"Drill, Baby, Drill" debunked as "Burn, Baby, Burn the Planet"
by Jan Lundberg
11 October 2008
Culture Change Letter #205, Oct. 12, 2008
When Republican Sarah Failin and her titular senior running mate McPain chant "Drill, Baby, Drill," or, for that matter, the wiser and more honest Barack Obama is in favor of more offshore drilling, there is no possibility of energy independence through maximizing domestic petroleum. The main reason is not the many years' lead time for oil-field development:
Consumption would continue (assuming the economy still supports it), and imported oil would keep coming unabated. Why? Because the more efficient wells of such places as the Persian Gulf would keep providing more oil far more cheaply than any new wells the U.S. can drill. This would be true even though Arabs' wells are starting to peak in flow and decline. As long as we're consuming oil big time, the oil will get over to us. World trade is the holiest goal of the Republicans and Democrats.

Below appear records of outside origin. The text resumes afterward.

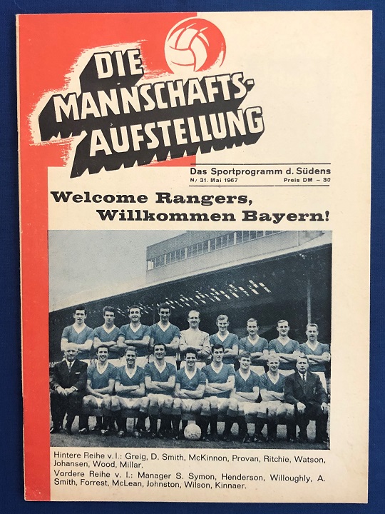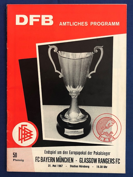31st May 1967 – Both official programmes from the Rangers v Bayern Munich European Cup Winners Cup Final played at the Stadtisches Stadion, Nuremberg, West Germany, in front of a crowd of 69,500. Rangers lost the match 1-0.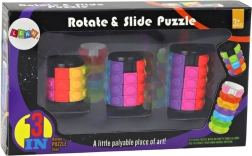 Conoce el set de tres rompecabezas lógicos en forma de cilindro que te brindarán horas de diversión y desafíos mentales. Determinar los colores en una misma fila girando los anillos y desplazando los cubos de colores será tu nueva forma de diversión.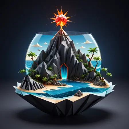 낮은 다각형 랜드스케이프, 픽셀화된, 3D 및 등각 스타일의 섬과 오브젝트 게임 자산 생성.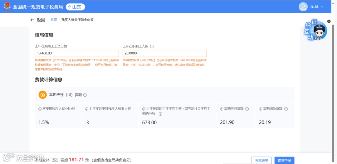 2.纳税人可对上年在职职工工资总额、上年在职职工人数等数据进行依次填写和修改,确认无误后点击“提交申报”,进入申报提交页面,申报成功后跳转申报结果反馈页面。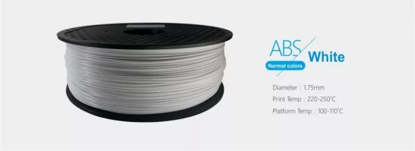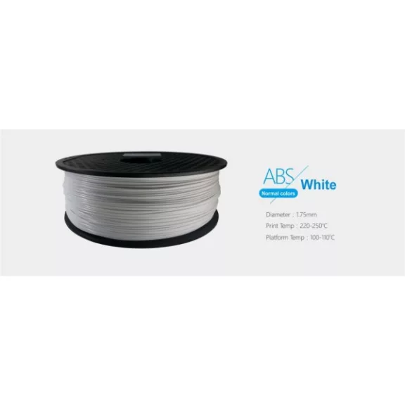 Fehér színű, 1 kg-os kiszerelésű, 1,75 mm átmérőjű ABS tekercs minden FDM típusú nyomtatóhoz.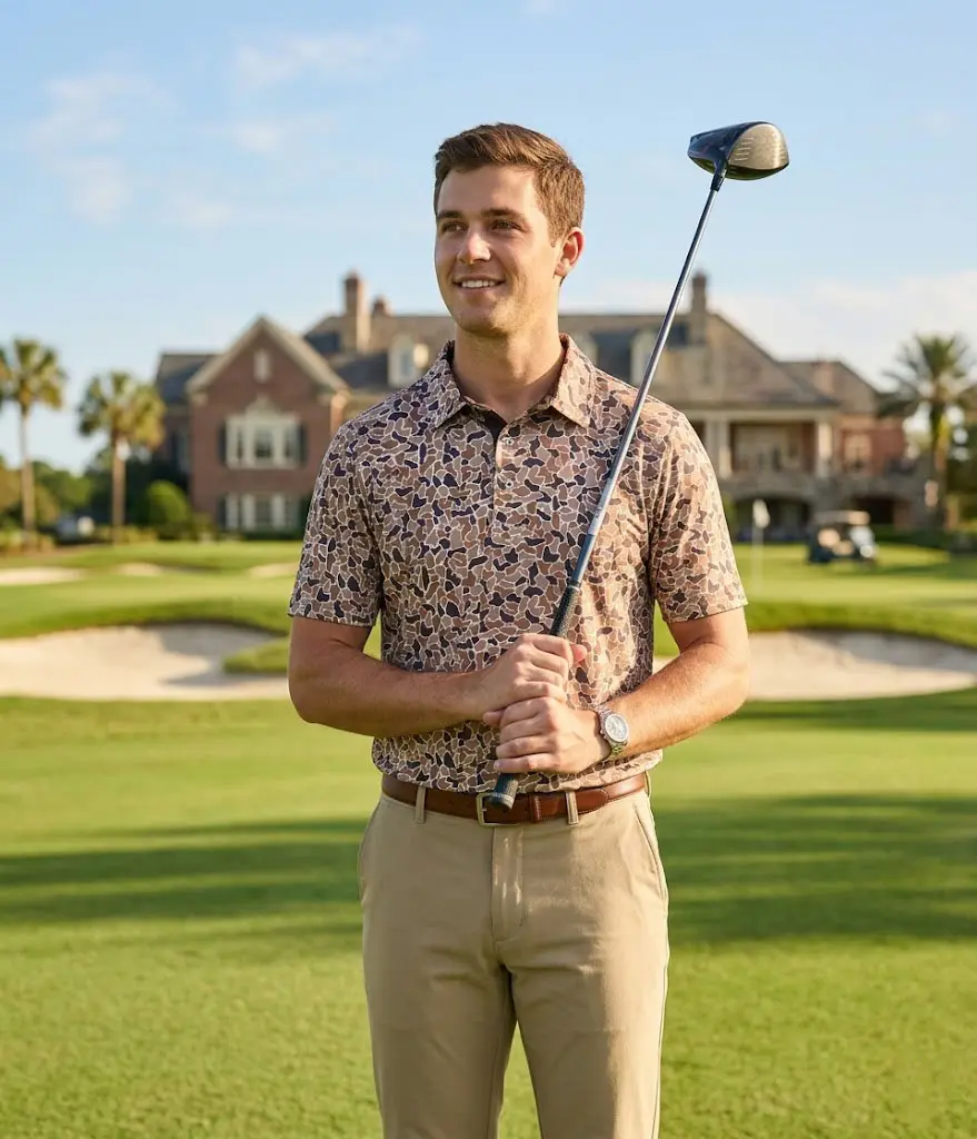 Performance Outdoor Polo – Deer & Retro Duck Camo, perfect for outdoors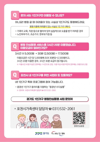 [금요저널] 포천시는 올해 4월부터 포천시가족센터를 통해 홀로 병원 가기 어려운 관내 1인가구, 유사 상황에 놓인 실질적 1인가구를 대상으로 병원 안심동행서비스를 추진하고 있다.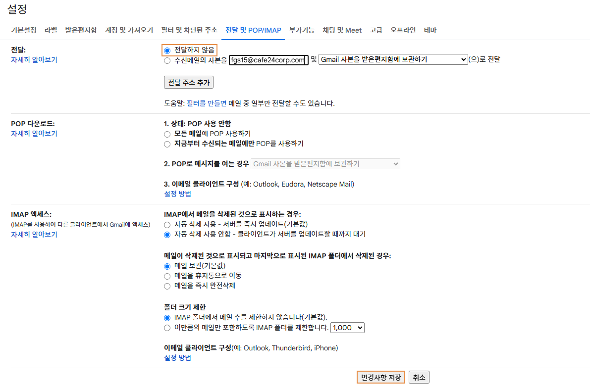 ※ 서비스 해지 후 포워딩을 해제하고 싶다면, 동일한 [전달] 섹션에서 ‘전달하지 않음’을 선택한 뒤 ‘변경사항 저장’을 클릭하세요.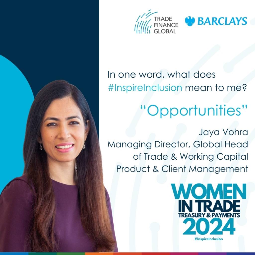 – Jaya Vohra, Managing Director, Global Head of Trade & Working Capital Product and Client Management, Barclays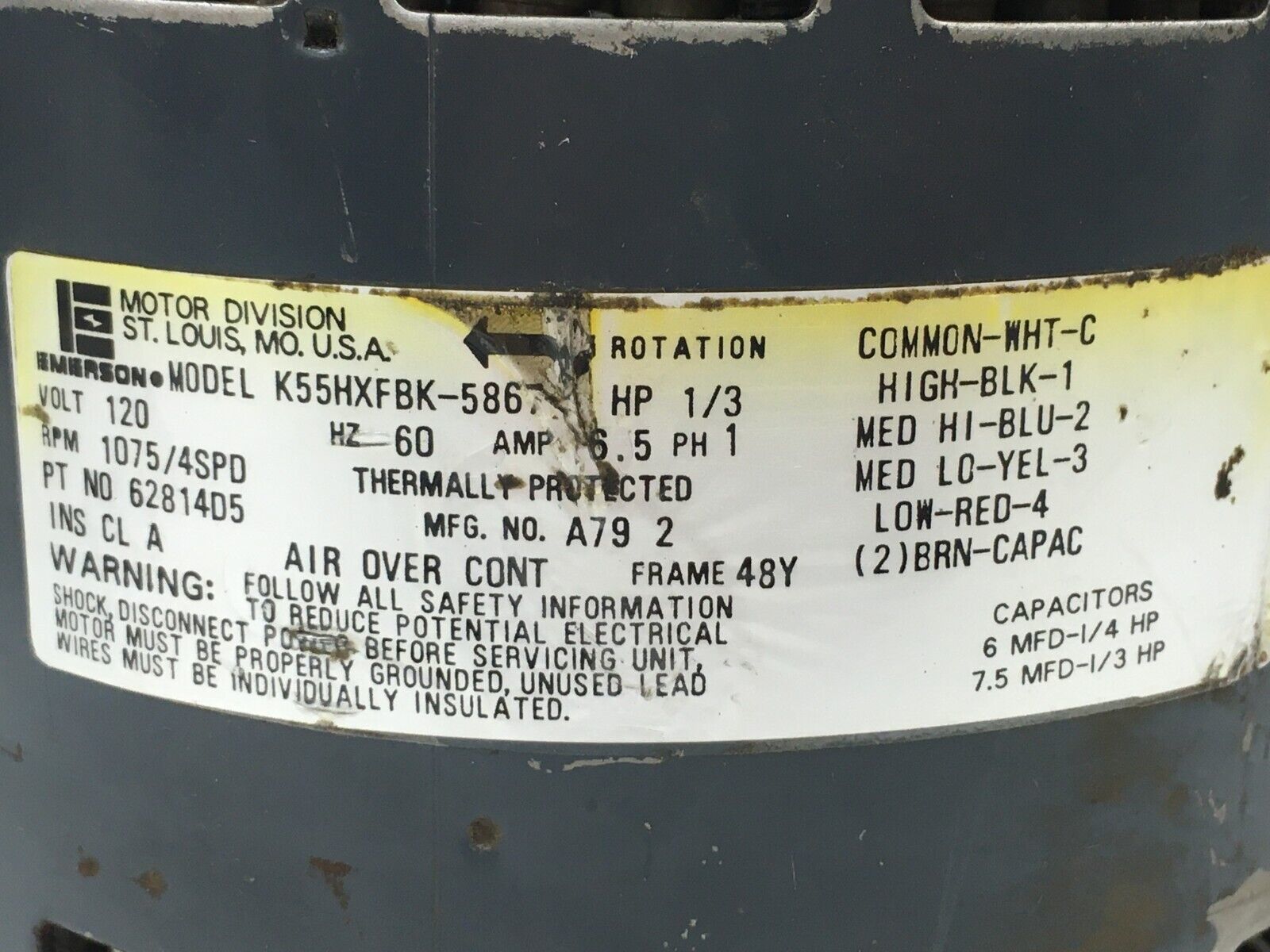 This is EMERSON K55HXFBK-5867 Blower Motor 1/3 HP 1075 RPM 4 SPD 120 V 62814D5 used part.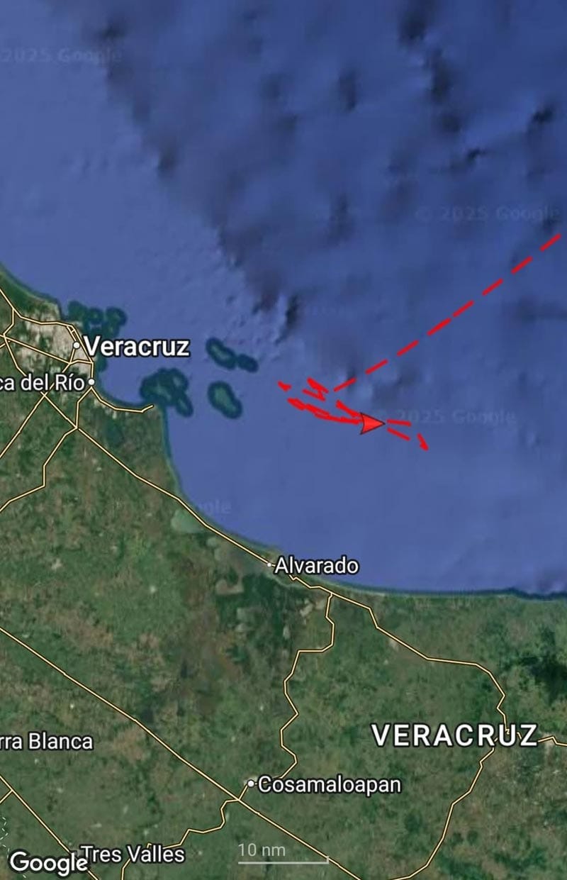 El Cuauhtémoc se encuentra en este momento en mar abierto cerca del sistema Parque Arrecifal Veracruzano.

Here's the clincher: Net energy return, or energy profit ratio, determines greatly the true, full cost (including cost hidden by subsidies) and availability to the "producer" and the more aptly named "consumer." And new wells drilled are approaching on average a net-energy loss. Moreover, the petroleum industry has been seeing fewer and fewer holes that actually pan out.
A program of mild reduction in oil consumption would work the same way as going for maximized drilling: cutting back on oil use will result in the more efficient, high net-energy fields being exploited still, such that the U.S. would continue getting oil from elsewhere at lower cost and comparatively greater profit for the chain of oil industry players.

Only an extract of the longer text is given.